Arpaio Tries to Limit Contempt Testimony

     PHOENIX (CN) – Sheriff Joe Arpaio returned to court Thursday as a civil contempt hearing resumed against him and four of his current and former aides.
     Arpaio, Chief Deputy Jerry Sheridan, Deputy Chief Jack MacIntyre, Lt. Joe Sousa and Brian Sands – a retired executive chief – are accused of violating a court order by failing to deliver data to the court and failing to train deputies on how to make constitutional traffic stops.
     U.S. District Judge G. Murray Snow found in a 2007 class action that Arpaio’s deputies violated the Fourth Amendment by arresting Latinos during traffic stops and what Arpaio called crime-suppression sweeps. Snow ordered Arpaio and the Maricopa County Sheriff’s Office to take a number of steps to prevent racial profiling.
     The contempt hearing restarts five months after an April contempt hearing, and after Arpaio’s attempt to recuse Snow failed.
     Snow questioned Arpaio in April about whether “America’s Toughest Sheriff” had hired a private eye to investigate Snow and his family.
     Arpaio said his former counsel, Tim Casey, hired the shamus after an Arpaio supporter claimed to have overheard Snow’s wife say that her husband was going to “do everything to make sure” Arpaio was not re-elected. Arpaio, 83, has been Maricopa County sheriff since 1993.
     Arpaio filed a motion to recuse Snow in May, claiming: “Whether a sitting judge is admittedly biased toward a defendant in his court and will do anything to ensure he is not re-elected is – without question – a conflict that creates grounds for recusal .”
     Snow refused to step down in July, ruling that his “intervention in witness examination was particularly appropriate in light of the fact that defendants had restricted plaintiffs’ ability to develop the evidentiary record by withholding discoverable evidence.”
     Arpaio appealed to the Ninth Circuit, which upheld Judge Snow.
     On Wednesday, Arpaio’s attorneys filed a motion to prevent the court from inquiring about the private eye during the contempt hearing.

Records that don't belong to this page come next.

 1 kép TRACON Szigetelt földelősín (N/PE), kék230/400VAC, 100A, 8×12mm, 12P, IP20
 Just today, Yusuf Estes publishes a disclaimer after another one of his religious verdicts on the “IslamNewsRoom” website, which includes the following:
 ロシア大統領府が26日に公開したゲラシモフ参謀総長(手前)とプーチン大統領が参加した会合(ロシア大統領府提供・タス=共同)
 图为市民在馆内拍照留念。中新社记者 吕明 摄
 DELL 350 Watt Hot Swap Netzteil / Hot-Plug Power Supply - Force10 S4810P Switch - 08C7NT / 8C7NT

According to the motion, Dennis Montgomery was not hired “as a confidential informant until September of 2013, well after any compliance issue with the enforcement of the court’s preliminary injunctive order arose.”

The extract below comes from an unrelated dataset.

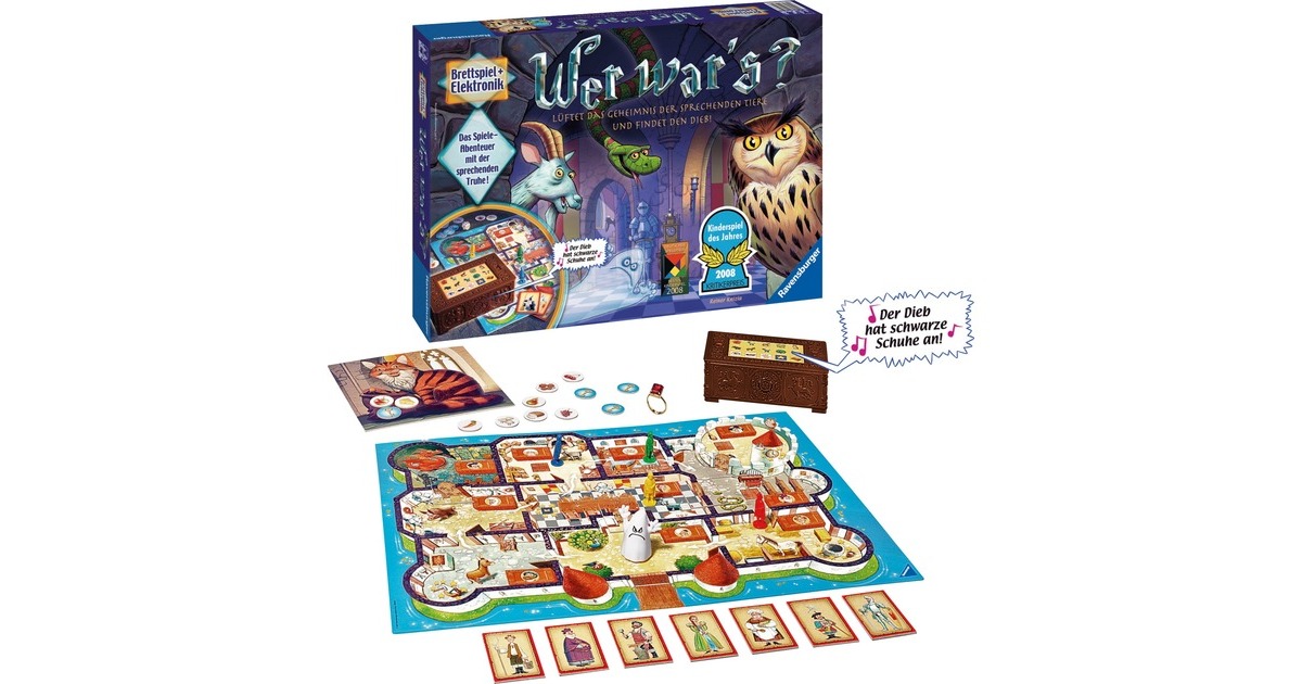 Bei dem Brettspiel Wer war's? helfen die sprechenden Tiere, durch Hinweise den Spielern den Dieb des magischen Rings zu finden. Die intelligente Elektronik in der Truhe sorgt dafür, dass jedes Spiel anders verläuft und aufs Neue spannend ist. Wichtig ist das man sich gut konzentriert und den Tieren aufmerksam zuhört. Art.-Nr.: 1187080

     Attorney Casey also filed a motion Wednesday, seeking to quash a subpoena requiring him to testify at the hearing.
     Casey represented the Sheriff’s Office and Arpaio, and says it would violate attorney-client privilege if he is forced to testify.

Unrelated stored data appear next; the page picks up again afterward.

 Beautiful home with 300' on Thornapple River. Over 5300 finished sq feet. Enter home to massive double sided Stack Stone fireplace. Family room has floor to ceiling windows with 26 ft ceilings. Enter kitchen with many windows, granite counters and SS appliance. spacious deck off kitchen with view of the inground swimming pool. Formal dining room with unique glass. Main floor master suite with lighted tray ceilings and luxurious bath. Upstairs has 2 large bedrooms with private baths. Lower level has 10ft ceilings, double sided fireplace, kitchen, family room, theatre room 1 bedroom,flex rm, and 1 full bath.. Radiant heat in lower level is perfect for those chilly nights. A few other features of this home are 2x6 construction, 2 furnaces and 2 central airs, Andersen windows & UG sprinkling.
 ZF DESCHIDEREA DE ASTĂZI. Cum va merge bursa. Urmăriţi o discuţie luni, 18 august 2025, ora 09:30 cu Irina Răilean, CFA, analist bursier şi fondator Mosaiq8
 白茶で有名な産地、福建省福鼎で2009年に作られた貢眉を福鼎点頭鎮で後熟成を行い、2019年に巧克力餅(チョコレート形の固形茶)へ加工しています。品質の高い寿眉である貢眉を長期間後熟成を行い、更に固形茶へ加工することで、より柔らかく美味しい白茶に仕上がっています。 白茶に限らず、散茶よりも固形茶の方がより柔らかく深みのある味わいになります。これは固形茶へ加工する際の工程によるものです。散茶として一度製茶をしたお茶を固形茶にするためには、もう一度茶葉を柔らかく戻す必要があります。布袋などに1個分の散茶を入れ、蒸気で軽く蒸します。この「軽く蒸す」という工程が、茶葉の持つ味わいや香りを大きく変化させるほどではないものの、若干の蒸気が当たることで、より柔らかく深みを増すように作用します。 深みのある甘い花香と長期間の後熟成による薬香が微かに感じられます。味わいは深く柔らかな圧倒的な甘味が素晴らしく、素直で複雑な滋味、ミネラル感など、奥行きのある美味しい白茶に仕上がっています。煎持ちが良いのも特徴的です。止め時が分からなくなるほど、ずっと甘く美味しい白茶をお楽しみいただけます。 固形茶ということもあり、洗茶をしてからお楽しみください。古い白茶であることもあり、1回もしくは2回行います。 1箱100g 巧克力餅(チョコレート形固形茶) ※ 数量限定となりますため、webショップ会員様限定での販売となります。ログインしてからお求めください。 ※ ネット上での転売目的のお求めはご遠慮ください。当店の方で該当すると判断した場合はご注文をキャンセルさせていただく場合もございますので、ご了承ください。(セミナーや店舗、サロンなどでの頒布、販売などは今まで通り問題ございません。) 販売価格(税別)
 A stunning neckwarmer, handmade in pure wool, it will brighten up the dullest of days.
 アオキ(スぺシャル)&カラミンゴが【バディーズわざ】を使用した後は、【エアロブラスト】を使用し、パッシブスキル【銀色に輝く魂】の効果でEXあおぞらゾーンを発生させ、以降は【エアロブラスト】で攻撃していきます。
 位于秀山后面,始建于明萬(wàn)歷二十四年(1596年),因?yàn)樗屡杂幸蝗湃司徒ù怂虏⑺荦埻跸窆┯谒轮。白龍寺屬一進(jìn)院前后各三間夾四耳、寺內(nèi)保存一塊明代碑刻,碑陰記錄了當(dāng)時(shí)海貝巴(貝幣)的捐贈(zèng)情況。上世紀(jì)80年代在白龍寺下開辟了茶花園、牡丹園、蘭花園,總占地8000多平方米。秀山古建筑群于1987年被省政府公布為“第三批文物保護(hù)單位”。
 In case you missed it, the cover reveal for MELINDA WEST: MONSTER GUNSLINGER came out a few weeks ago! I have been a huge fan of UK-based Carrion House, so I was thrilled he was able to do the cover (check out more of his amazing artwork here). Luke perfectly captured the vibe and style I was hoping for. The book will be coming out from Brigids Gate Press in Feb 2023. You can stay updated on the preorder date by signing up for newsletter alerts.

     “Casey’s testimony about his former clients will involve disclosure of confidences not authorized by his former clients, nor does the disclosure fall under any of the exceptions to the rule,” the motion states. “Casey is therefore ethically bound not to disclose such information during his testimony. He is also ethically required to pursue available avenues to protect the information from disclosure.”
     This round of hearings will be the first time the U.S. Department of Justice has been allowed to intervene in the proceedings .
     In July, Arpaio settled with the Justice Department a similar lawsuit accusing Arpaio and his deputies of targeting Latinos in traffic stops, discriminating against Spanish-speaking jail inmates and retaliating against critics.
     U.S. District Judge Roslyn Silver ruled that Snow’s judgment should largely stand for the racial-profiling claims, and stayed the proceedings during the Justice Department’s intervention in the class action.
     Snow allowed the Justice Department to intervene, with little opposition from Arpaio.
     “As a party in the Melendres case, the Department of Justice can now work together with the court, the plaintiffs and the independent monitor to ensure that the Maricopa County Sheriff’s Office meaningfully implements the court-ordered reforms so that the constitutional rights of all people of Maricopa County are protected,” U.S. Deputy Assistant Attorney General Mark Kappelhoff said in a statement in August.
     Puente Arizona (Arizona Bridge) has organized a Thursday evening rally outside the Sandra Day O’Connor U.S. Courthouse, where the hearing will take place.
     The migrant justice organization encourages “people who have been terrorized, criminalized, and incarcerated by Arpaio” to attend and speak out against the sheriff.
     “Arpaio is responsible for dozens of deaths in custody, hundreds of families separated, and thousands of people terrorized,” said Puente Arizona Director Carlos Garcia. “It is people who have faced his hate directly that will be responsible for bringing a new day to Maricopa County, in which we have justice for the harms Arpaio has committed and our communities can live without fear.”
     Arpaio has been named as a defendant in more than 440 lawsuits in the Courthouse News database.